### Work instruction
Where the listing below has a line with "2022 yılının ilk", write out exactly that line and every line after it, stopping after the line with "Barneys New York".

### Given data
══════════════════════════════
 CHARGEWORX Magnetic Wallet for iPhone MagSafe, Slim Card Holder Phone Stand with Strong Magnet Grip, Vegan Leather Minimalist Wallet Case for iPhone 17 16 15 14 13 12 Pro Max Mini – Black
══════════════════════════════
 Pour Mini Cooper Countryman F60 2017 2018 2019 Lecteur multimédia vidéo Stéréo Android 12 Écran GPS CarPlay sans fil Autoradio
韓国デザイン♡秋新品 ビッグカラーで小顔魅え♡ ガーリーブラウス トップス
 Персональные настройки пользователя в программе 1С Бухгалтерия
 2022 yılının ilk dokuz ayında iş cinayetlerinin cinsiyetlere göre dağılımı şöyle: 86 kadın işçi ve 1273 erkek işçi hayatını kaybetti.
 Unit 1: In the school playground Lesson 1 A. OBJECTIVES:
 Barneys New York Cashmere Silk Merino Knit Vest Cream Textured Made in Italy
══════════════════════════════
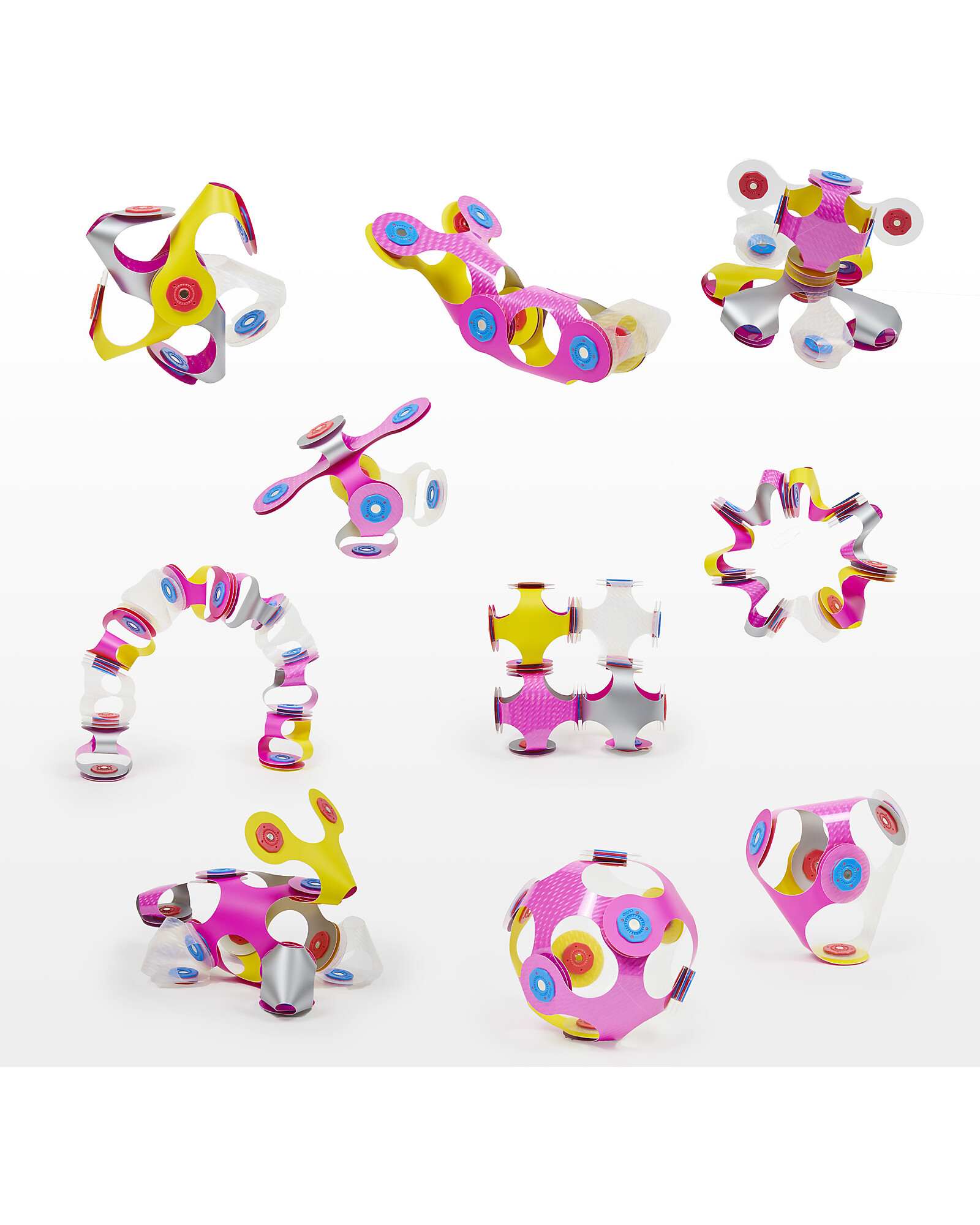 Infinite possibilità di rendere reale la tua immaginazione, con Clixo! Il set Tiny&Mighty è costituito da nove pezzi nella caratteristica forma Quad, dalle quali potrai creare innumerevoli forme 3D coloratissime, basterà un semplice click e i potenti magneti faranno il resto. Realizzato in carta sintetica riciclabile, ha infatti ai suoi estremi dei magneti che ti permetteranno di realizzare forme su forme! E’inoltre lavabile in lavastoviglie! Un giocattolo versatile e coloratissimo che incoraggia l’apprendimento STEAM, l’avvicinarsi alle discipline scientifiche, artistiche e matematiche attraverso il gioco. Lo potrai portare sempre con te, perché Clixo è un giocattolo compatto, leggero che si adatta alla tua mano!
══════════════════════════════
### Task response
 2022 yılının ilk dokuz ayında iş cinayetlerinin cinsiyetlere göre dağılımı şöyle: 86 kadın işçi ve 1273 erkek işçi hayatını kaybetti.
 Unit 1: In the school playground Lesson 1 A. OBJECTIVES:
 Barneys New York Cashmere Silk Merino Knit Vest Cream Textured Made in Italy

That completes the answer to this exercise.